После прихода к власти большевиков в 1917 году, все сферы жизни общества подверглись радикальным переменам, и праздники нового советского государства впитали все особенности и противоречия эпохи. Большевики старались не просто стереть память о прежней культуре, но наполнить прежние топосы новым значением. Церкви становятся рабочими клубами, вместо крестов появляются звезды, а место икон в традиционных красных углах занимают портреты Ленина.

Праздник Первомая, который был неотъемлемым символом советской эпохи на протяжении всего ее существования, тоже родился еще до революции.

Кто был никем, тот станет всем

Праздник 1 Мая впервые был отмечен в России в 1890 году и назывался Днем международной солидарности трудящихся. На следующий год в Петербурге состоялась первая маевка — нелегальное собрание рабочих, которое устраивалось за городом. Современник событий вспоминал об одной из таких маевок:

«Комитет решил провести маевку в первое майское воскресенье за городом и пригласить на нее самых проверенных и стойких рабочих.
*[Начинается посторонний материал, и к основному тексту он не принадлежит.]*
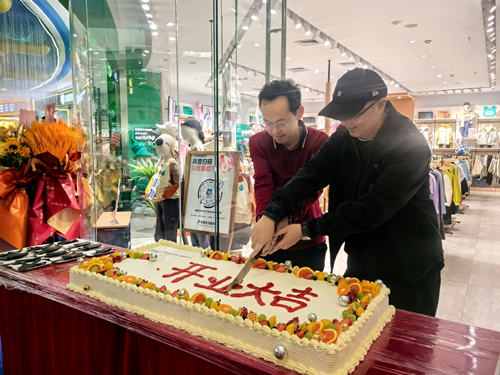 紧接着,主持人邀请现场嘉宾共同上台,为青蛙王子旗舰店送上最美好的祝福。随着蛋糕刀缓缓切入,“开业大吉,生意兴隆”的祝福声此起彼伏。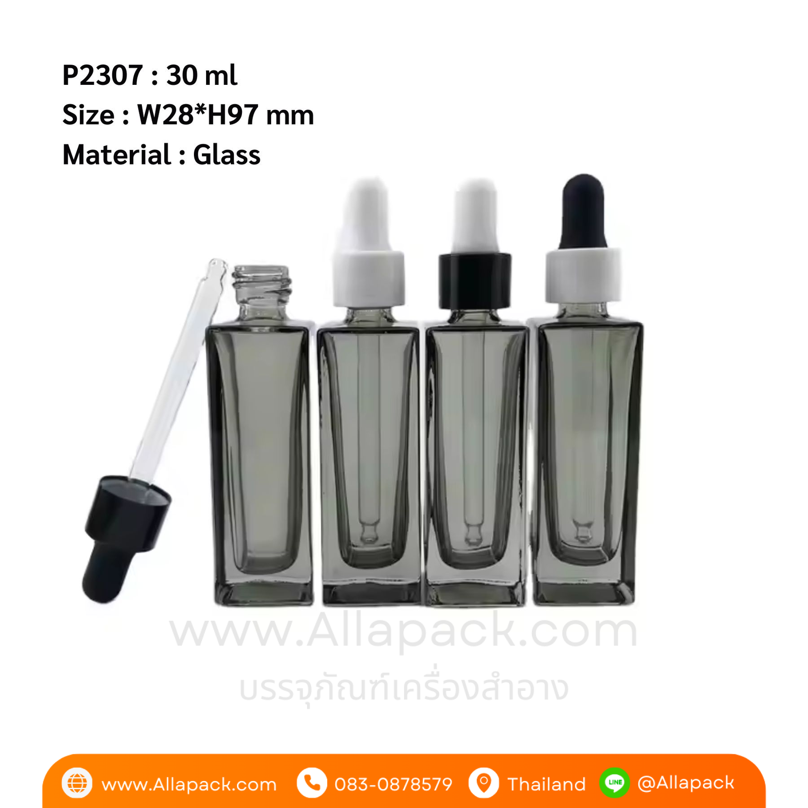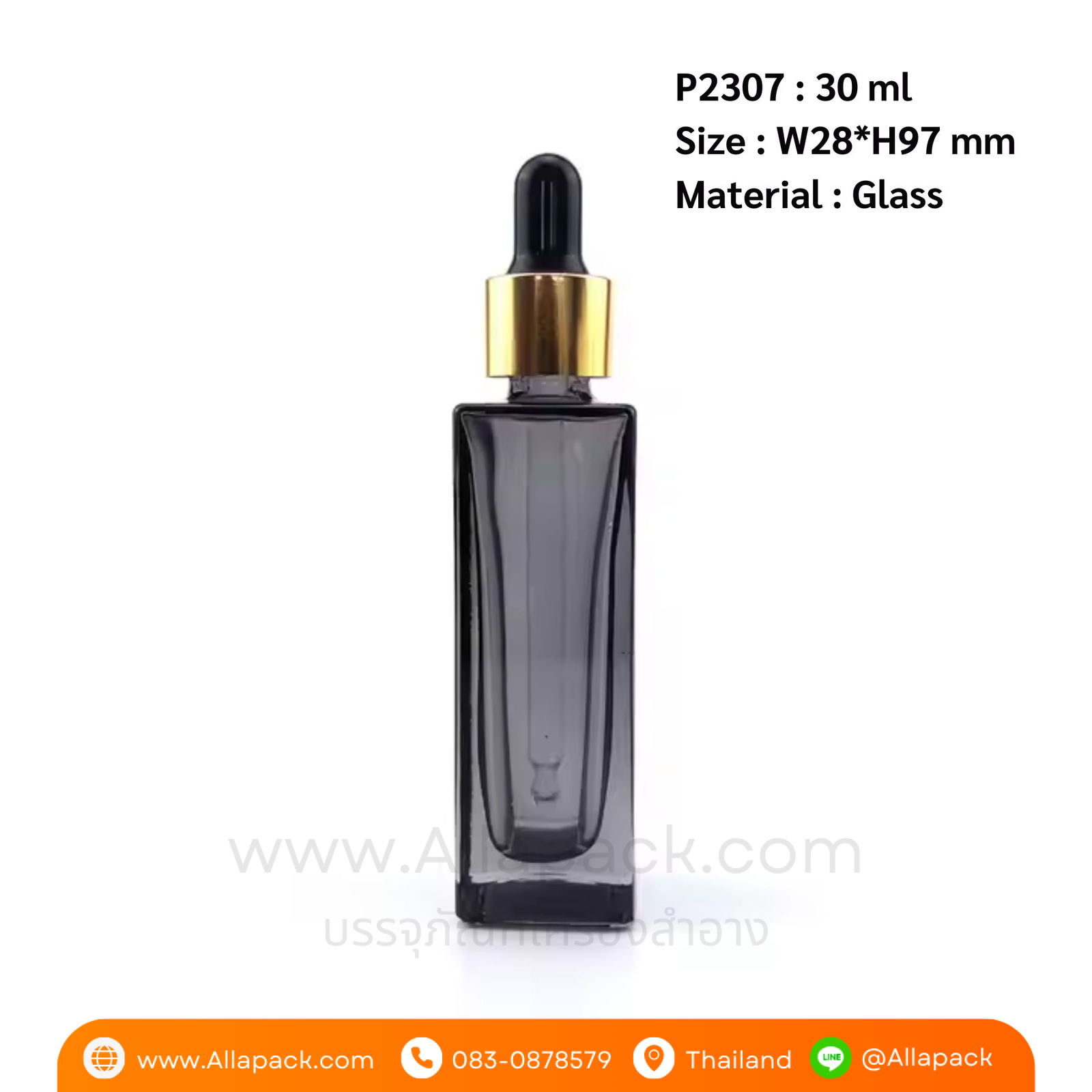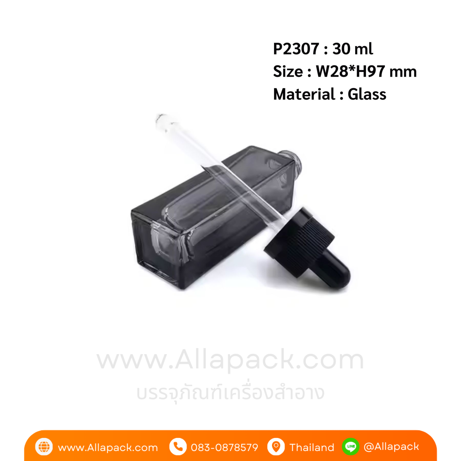 P2307 Frosted Refillable Black Glass Dropper Bottle 30 ml ขวดแก้วดรอปเปอร์ 30 มล

Местом проведения первой маевки выбрали лесную поляну в тихом безлюдном месте у устья реки Екатерингофки в нескольких километрах от Путиловского завода. К условленному месту добирались на лодках и проселочными дорогами, разбившись на небольшие группы и соблюдая правила конспирации».
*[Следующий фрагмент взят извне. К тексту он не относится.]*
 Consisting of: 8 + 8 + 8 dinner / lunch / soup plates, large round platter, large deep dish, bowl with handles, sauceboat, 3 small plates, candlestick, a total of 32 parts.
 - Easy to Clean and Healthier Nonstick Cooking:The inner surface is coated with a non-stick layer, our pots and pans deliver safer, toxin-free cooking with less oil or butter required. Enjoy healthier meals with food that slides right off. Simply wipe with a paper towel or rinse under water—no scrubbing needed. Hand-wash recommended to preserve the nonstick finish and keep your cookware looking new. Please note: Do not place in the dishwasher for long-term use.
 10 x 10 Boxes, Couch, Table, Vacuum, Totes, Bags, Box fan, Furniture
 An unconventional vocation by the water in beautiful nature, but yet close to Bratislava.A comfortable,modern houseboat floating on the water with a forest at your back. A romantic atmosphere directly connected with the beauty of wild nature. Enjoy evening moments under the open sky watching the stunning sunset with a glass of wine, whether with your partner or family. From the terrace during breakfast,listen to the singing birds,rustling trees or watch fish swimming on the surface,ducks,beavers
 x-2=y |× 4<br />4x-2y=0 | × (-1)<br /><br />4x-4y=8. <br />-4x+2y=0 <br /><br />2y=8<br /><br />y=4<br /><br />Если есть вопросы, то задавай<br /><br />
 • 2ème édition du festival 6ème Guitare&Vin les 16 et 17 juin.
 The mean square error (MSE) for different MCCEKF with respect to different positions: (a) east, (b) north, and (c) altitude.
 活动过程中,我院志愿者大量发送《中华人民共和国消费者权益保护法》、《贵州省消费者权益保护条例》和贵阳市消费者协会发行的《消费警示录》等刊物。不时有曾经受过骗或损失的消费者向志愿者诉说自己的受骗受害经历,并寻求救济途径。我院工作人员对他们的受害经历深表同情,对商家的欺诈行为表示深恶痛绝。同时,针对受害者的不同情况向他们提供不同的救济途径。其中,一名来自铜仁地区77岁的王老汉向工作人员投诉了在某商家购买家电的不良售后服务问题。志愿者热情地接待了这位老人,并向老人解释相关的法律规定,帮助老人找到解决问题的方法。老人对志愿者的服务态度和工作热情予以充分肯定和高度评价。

Журнал «Советский музей» (1986)

Такие встречи и впрямь делали социалистов похожими на первохристиан, укрывавшихся в катакомбах. Дело ведь происходило еще при царском режиме, который не благоволил к такого рода собраниям.

Впрочем, немногие чувствовали этот праздник своим. Художник Евгений Лансере в 1893 году записывает в своем дневнике: «Сегодня 1 май, праздник весны, природы и социалистов (заграничных). <…>».

С 1897 года маевки стали носить политический характер и сопровождаться массовыми демонстрациями. В повести Валентина Катаева «Белеет парус одинокий» (1936), действие которой разворачивается в 1905 году, автор переносит праздник классовой борьбы в новую стихию — с суши на воду. Участниками одесской маевки становятся рыбаки. Городовые в злобном бессилии с берега наблюдают за сошедшими в море на шаландах.

Маевка показана глазами мальчика Пети:

«…Но он ни за что не сознался бы в этом перед Гавриком. Кроме того, мальчика сильно беспокоил вопрос: маевка это уже или еще не маевка? Однако ему не хотелось спрашивать, чтобы опять не оказаться в дураках, как тогда с Ближними Мельницами. Мотя сказала, что маевка — это рабочая пасха. Но вот они уже добрых полчаса плывут вдоль берега, а до сих пор что-то не видать ни кулича, ни окорока, ни крашеных яиц. Впрочем, может быть, это так и полагается».

В 1917 году 1 Мая впервые праздновали открыто. А уже в 1918-м по всей стране состоялись многочисленные митинги, демонстрации и шествия.

«Гремели салюты с Петропавловской крепости. Да, празднование Первого мая было официальным. Его праздновало государство. Мощь государства сказывалась во многом. Но разве не упоительна самая идея, что государство, досель бывшее нашим злейшим врагом, теперь — наше и празднует Первое мая, как свой величайший праздник?.. Но, поверьте, если бы это празднество было только официальным, — ничего, кроме холода и пустоты, не получилось бы из него. Нет, народные массы, Красный флот, Красная Армия — весь подлинно трудящийся люд влил в него свои силы. Поэтому мы можем сказать: „Никогда еще этот праздник труда не отливался в такие красивые формы“», — восхищался министр просвещения Луначарский в очерке «Первое мая 1918 года».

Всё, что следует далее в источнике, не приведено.